The Act appears as 12 USC 1701j-3. See also CFR 12 § 591.5, the federal regulation which allows the enforcement of due on sale clauses with several specific exceptions listed hereafter:
b)Specific limitations. With respect to any loan on the security of a home occupied or to be occupied by the borrower,
(1) A lender shall not (except with regard to a reverse mortgage) exercise its option pursuant to a due-on-sale clause upon:
(i) The creation of a lien or other encumbrance subordinate to the lender's security instrument which does not relate to a transfer of rights of occupancy in the property: Provided, That such lien or encumbrance is not created pursuant to a contract for deed;
(ii) The creation of a purchase-money security interest for household appliances;
(iii) A transfer by devise, descent, or operation of law on the death of a joint tenant or tenant by the entirety;
(iv) The granting of a leasehold interest which has a term of three years or less and which does not contain an option to purchase (that is, either a lease of more than three years or a lease with an option to purchase will allow the exercise of a due-on-sale clause);
(v) A transfer, in which the transferee is a person who occupies or will occupy the property, which is:
(A) A transfer to a relative resulting from the death of the borrower;
(B) A transfer where the spouse or child(ren) becomes an owner of the property; or
(C) A transfer resulting from a decree of dissolution of marriage, legal separation agreement, or from an incidental property settlement agreement by which the spouse becomes an owner of the property; or
(vi) A transfer into an inter vivos trust in which the borrower is and remains the beneficiary and occupant of the property, unless, as a condition precedent to such transfer, the borrower refuses to provide the lender with reasonable means acceptable to the lender by which the lender will be assured of timely notice of any subsequent transfer of the beneficial interest or change in occupancy.
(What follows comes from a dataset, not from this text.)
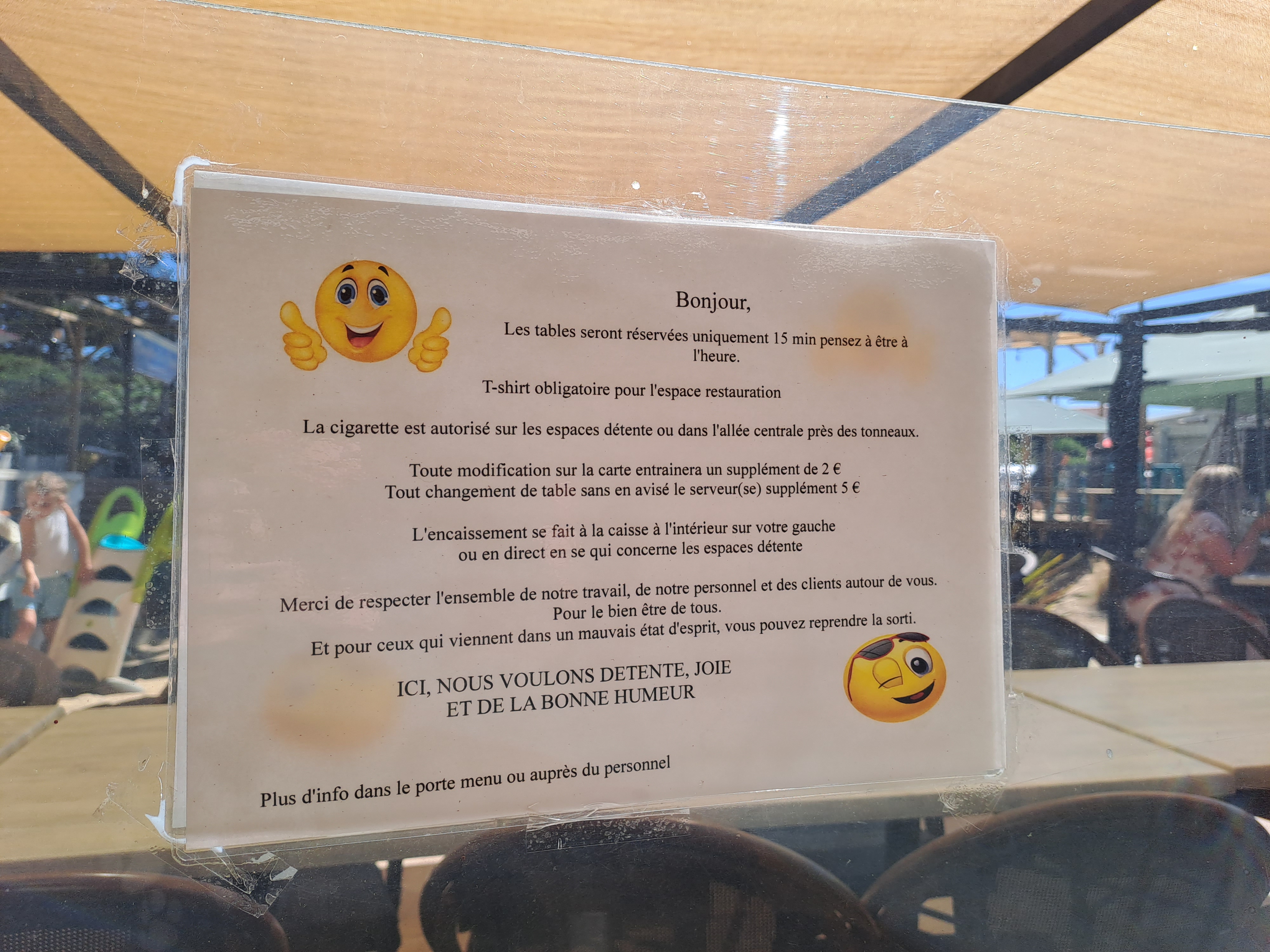 A notre arrivée pour prendre un verre, nous entendons la serveuse préciser aux clients juste devant nous qu'il n'y a plus de place pour dîner sans réservation. Ces clients font demi-tour. Nous étions juste derrière. Au lieu de nous demander ce que nous voulions, la serveuse ne prend Même pas la peine de nous saluer et tourne les talons sans nous regarder. Nous la rappelons donc pour lui demander si nous pouvons juste prendre un verre. Elle nous montre une table non débarrassée puis disparaît. Nous attendons 20 minutes face aux verres et cigarettes des clients précédents. Nous interpelons donc la serveuse qui sans nous regarder crie un j'arrive!. Nouvelle attente 10 min. Nous appelons 1 autre serveuse qui nous fait encore patienter un peu et qui enfin débarrasse notre table et prend notre commande sans un bonjour, sans un sourire. Les bières étaient fraîches mais elles se sont longuement réchauffées le temps d'aller payer à l'intérieur (file d'attente) car visiblement dans cet établissement, on n'encaisse pas les CB en terrasse...Dans ces conditions, difficile aux esprits fébriles de se detendre dans cette Atmosphère. A notre droite, une grande tablée avec enfants. Lassés d'attendre la serveuse pour recommander, les adultes se levaient constamment pour quémander ce qui n'était pas servi, et par ailleurs, de nombreuses autres tablées en attente. Le propre du restaurateur n'est-il pas de gérer les flux de clients avec sourire et professionnalisme ? Le décor et un bon emplacement ne suffisent pas, il faut y ajouter une vrai atmosphère ! Cordialement.

None of the above exceptions seem to apply to a beneficiary deed, although receipt by devise is one of the exceptions. While a Joint Tenancy transfer is also one of the exceptions, I would recommend against using that means because JTROS would give a present 1/2 interest. I think he should use a Will to leave the property at death as that transfer is protected from the exercise of the due on sale clause.